#### What you are asked to do
Below are the records; give again exactly the lines from the one containing "A delicious bowl" through the one containing "Women'S Dress Khaki", leaving out pictures.

#### Data supplied

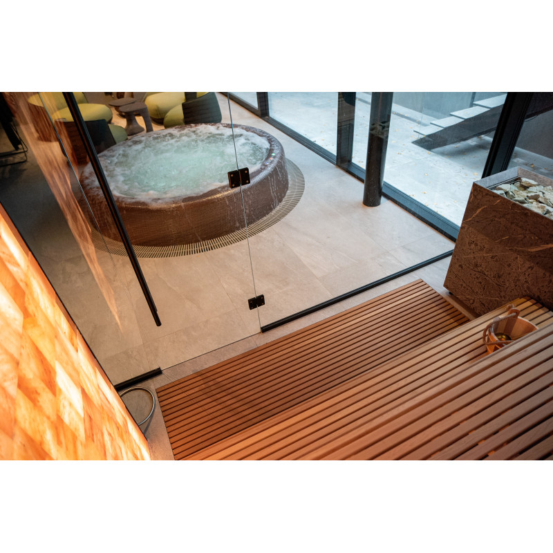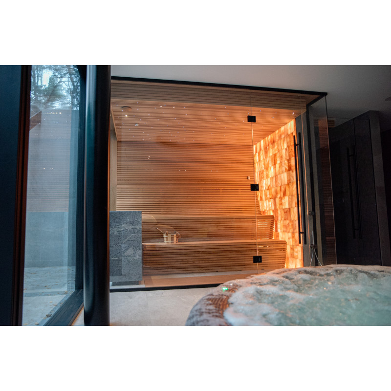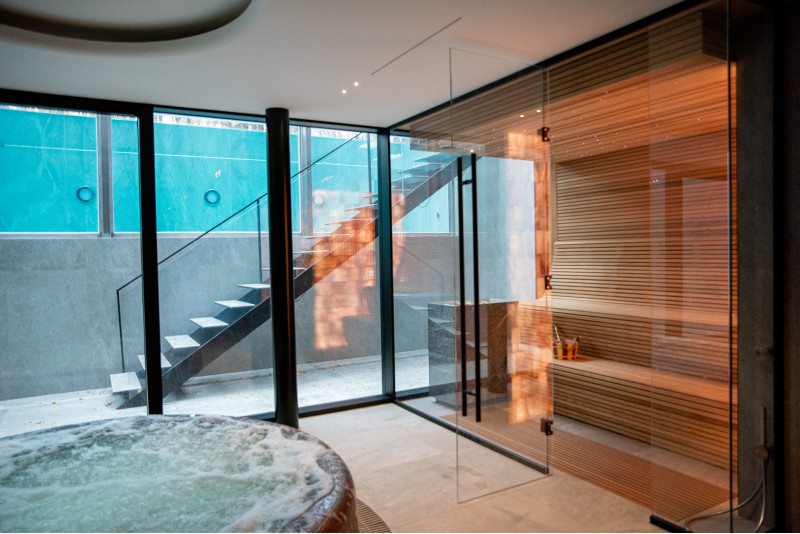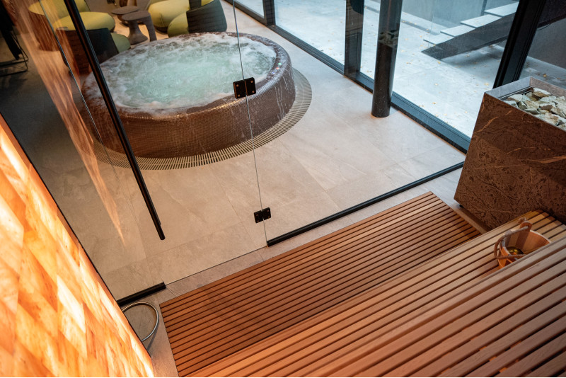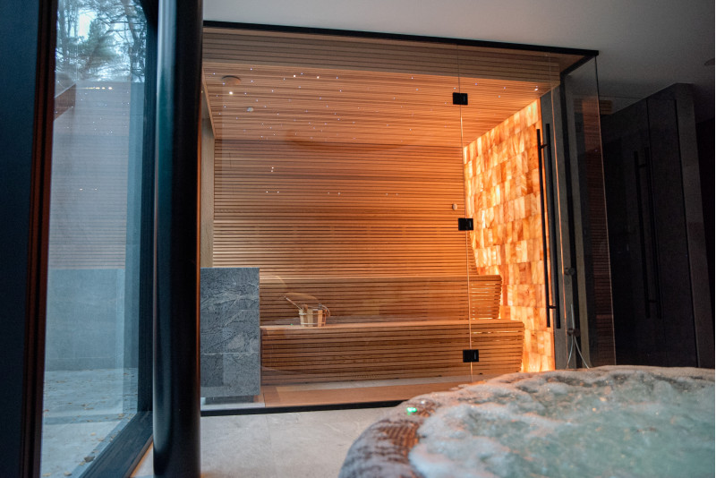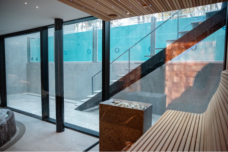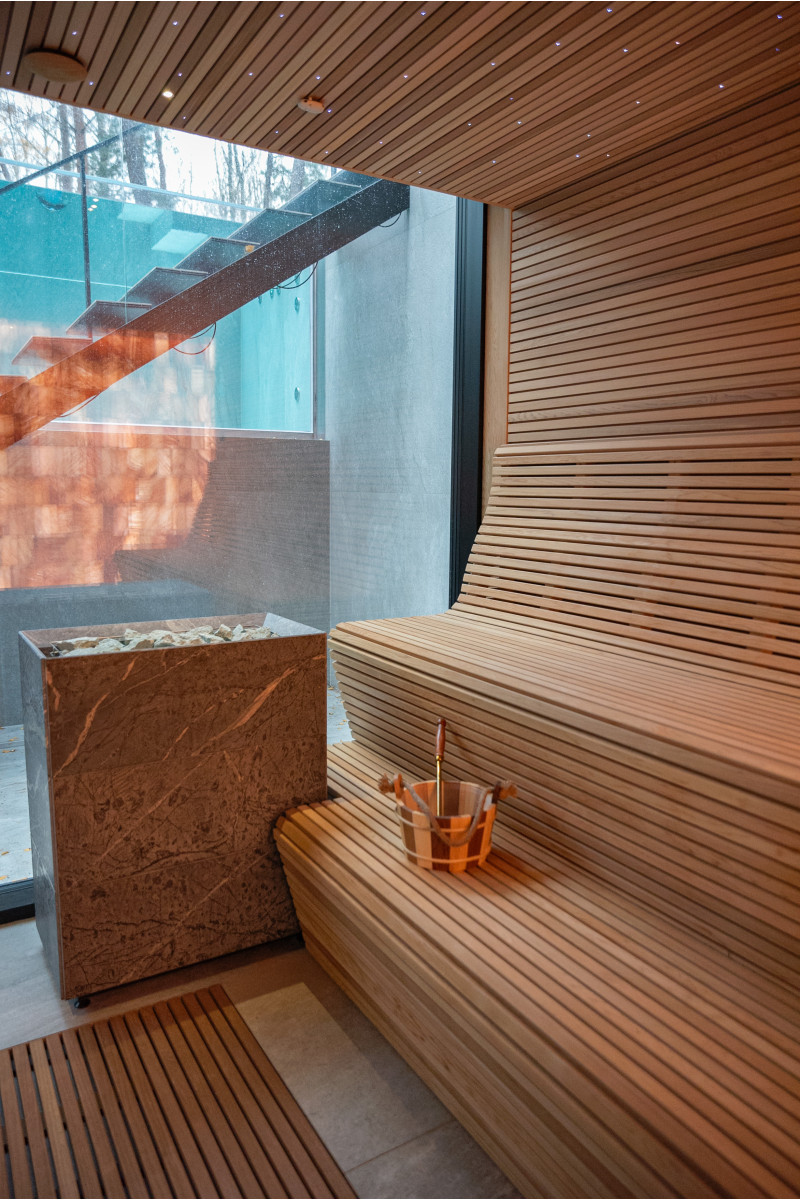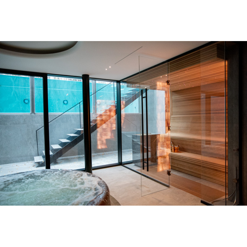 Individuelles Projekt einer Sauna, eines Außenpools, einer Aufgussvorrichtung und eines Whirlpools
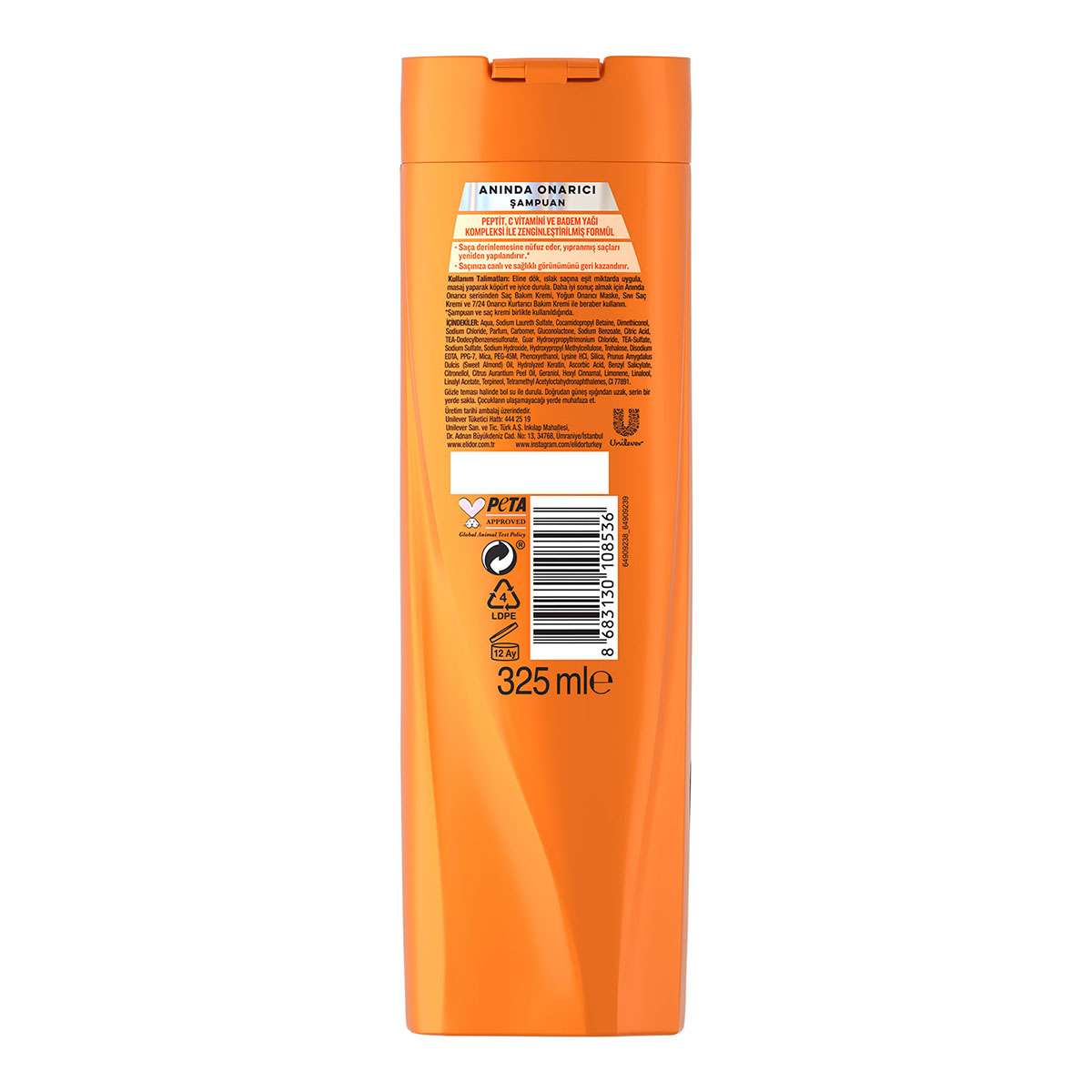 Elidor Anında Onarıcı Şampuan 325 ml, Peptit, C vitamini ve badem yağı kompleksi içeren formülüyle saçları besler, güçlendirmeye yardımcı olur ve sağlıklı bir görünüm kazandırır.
---
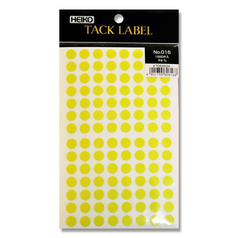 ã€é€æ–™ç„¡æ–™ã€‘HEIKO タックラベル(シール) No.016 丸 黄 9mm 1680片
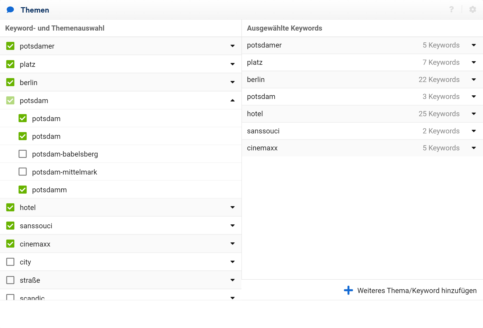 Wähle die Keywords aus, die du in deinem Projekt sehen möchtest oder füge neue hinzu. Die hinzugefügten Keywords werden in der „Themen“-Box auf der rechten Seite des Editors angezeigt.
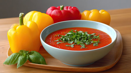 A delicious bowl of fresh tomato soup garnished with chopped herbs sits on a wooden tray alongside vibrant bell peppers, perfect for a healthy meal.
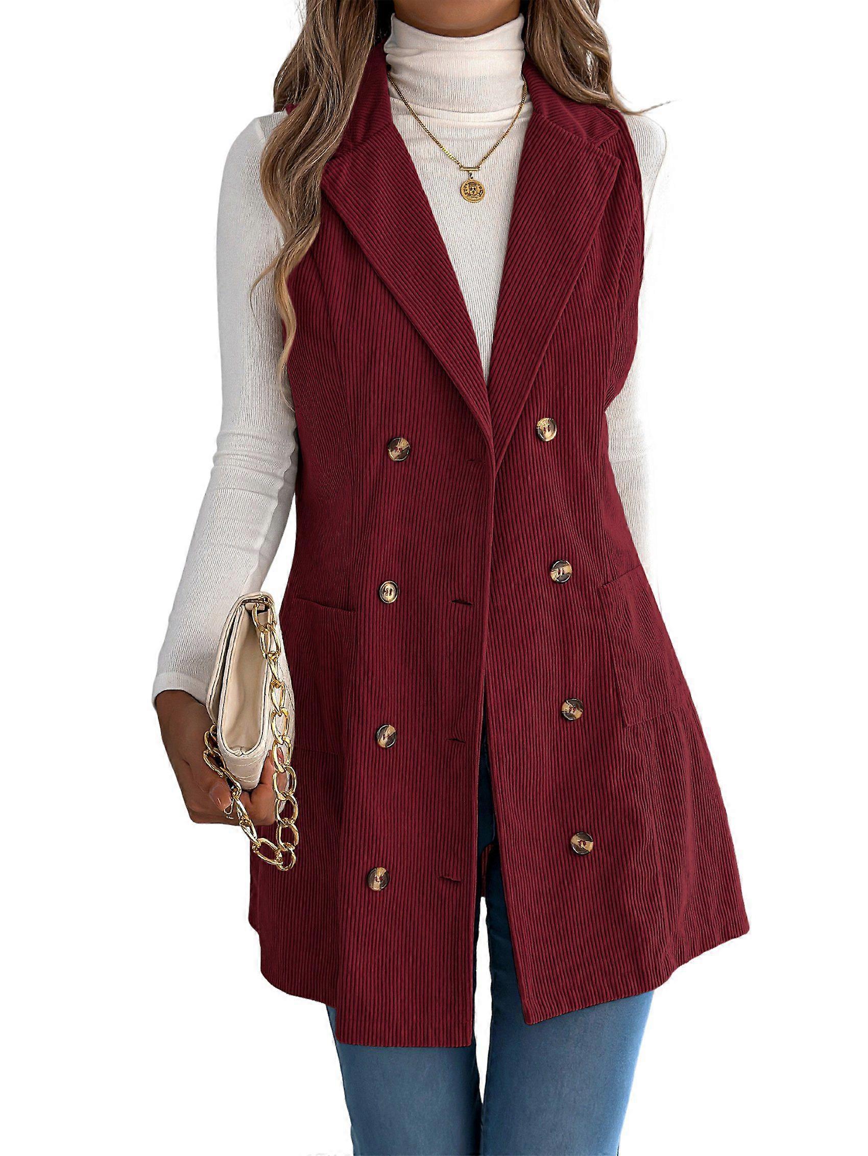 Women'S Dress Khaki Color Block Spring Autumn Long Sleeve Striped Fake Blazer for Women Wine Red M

#### Answer to the exercise
 A delicious bowl of fresh tomato soup garnished with chopped herbs sits on a wooden tray alongside vibrant bell peppers, perfect for a healthy meal.
 Women'S Dress Khaki Color Block Spring Autumn Long Sleeve Striped Fake Blazer for Women Wine Red M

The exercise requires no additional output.